(Dataset items)
::::::::
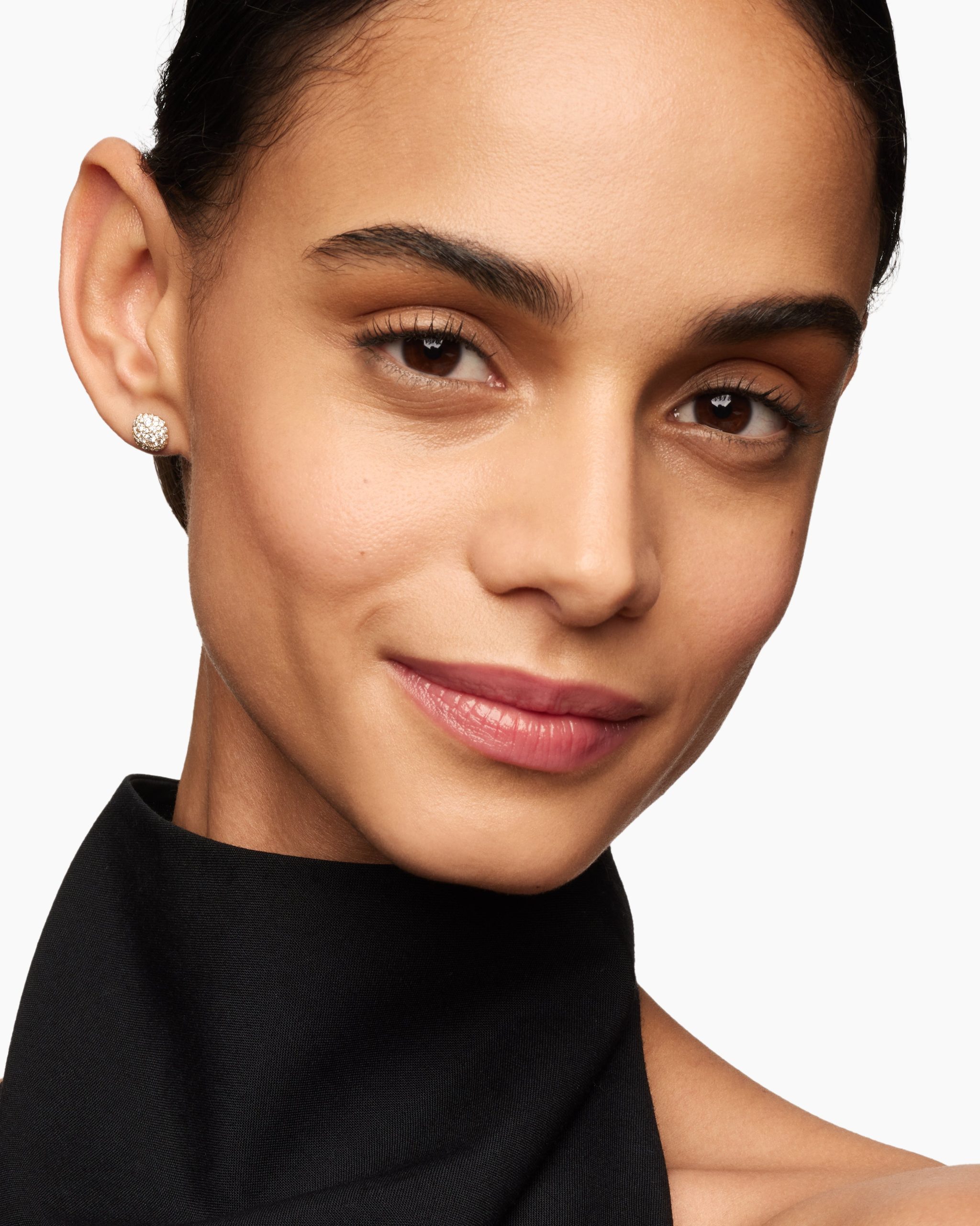 This collection combines delicate designs with dramatic pavé-set gemstones capturing the excitement and energy of New York City at night. 18-karat yellow goldPavé diamonds, 0.80 total carat weightEarrings, 8mm
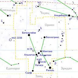 | Keywords: Orion constellation map ru lite.png en Orion constellation map on Russian ru Ка та созвездия О иона на усском языке It was created using the program PP3 At http //pp3 sourceforge net PP3's homepage you also get the input scripts necessary for re-compiling the map The yellow dashed lines are constellation boundaries the red dashed line is the ecliptic and the shades of blue show Milky Way areas of different brightness The map contains all Messier objects except for colliding ones The underlying database contains all stars brighter than 6 5 All coordinates refer to equinox 2000 0 The map is calculated with the equidistant azimuthal projection the zenith being in the center of the image The north pole is to the top The horizontal lines of equal declination are drawn for 0° +10° +20° etc The lines of equal rectascension are drawn for all 24 hours Towards the rim there is a very slight magnification and distortion Own 2006-11-17 Denis Ibaev Constellations maps russian |
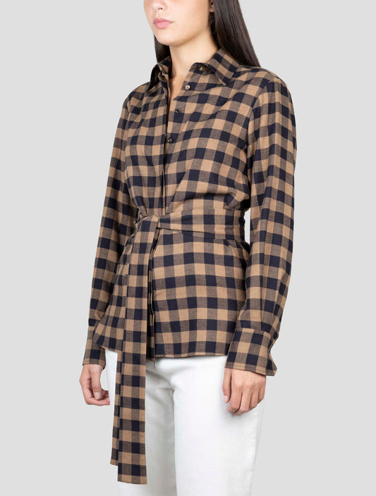 Kiton Women's Handcrafted Brown Silk Shirt - Italian Made 100% Pure Silk
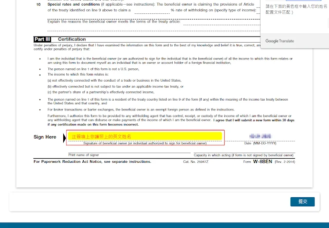 04.點按鈕打開W-8BEN 表格填入姓名 [非美國公民僅需填入姓名即可]
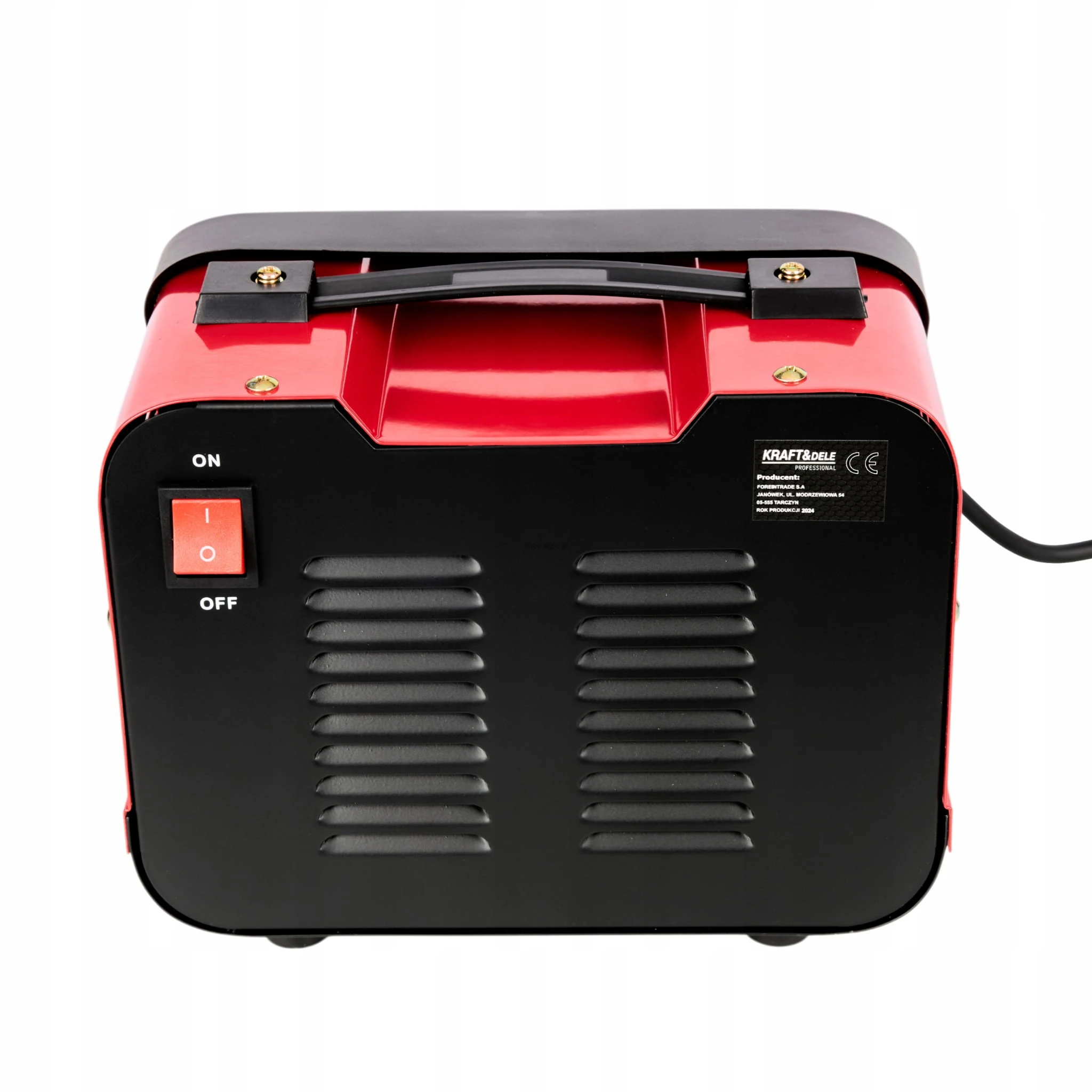 Metalowa obudowa prostownika posiada dużo otworów, dzięki czemu urządzenie jest dobrze wentylowane i chłodzone podczas pracy.
::::::::
For every line above, produce an exact transcription that omits the images.

 This collection combines delicate designs with dramatic pavé-set gemstones capturing the excitement and energy of New York City at night. 18-karat yellow goldPavé diamonds, 0.80 total carat weightEarrings, 8mm
 | Keywords: Orion constellation map ru lite.png en Orion constellation map on Russian ru Ка та созвездия О иона на усском языке It was created using the program PP3 At http //pp3 sourceforge net PP3's homepage you also get the input scripts necessary for re-compiling the map The yellow dashed lines are constellation boundaries the red dashed line is the ecliptic and the shades of blue show Milky Way areas of different brightness The map contains all Messier objects except for colliding ones The underlying database contains all stars brighter than 6 5 All coordinates refer to equinox 2000 0 The map is calculated with the equidistant azimuthal projection the zenith being in the center of the image The north pole is to the top The horizontal lines of equal declination are drawn for 0° +10° +20° etc The lines of equal rectascension are drawn for all 24 hours Towards the rim there is a very slight magnification and distortion Own 2006-11-17 Denis Ibaev Constellations maps russian |
 Kiton Women's Handcrafted Brown Silk Shirt - Italian Made 100% Pure Silk
 04.點按鈕打開W-8BEN 表格填入姓名 [非美國公民僅需填入姓名即可]
 Metalowa obudowa prostownika posiada dużo otworów, dzięki czemu urządzenie jest dobrze wentylowane i chłodzone podczas pracy.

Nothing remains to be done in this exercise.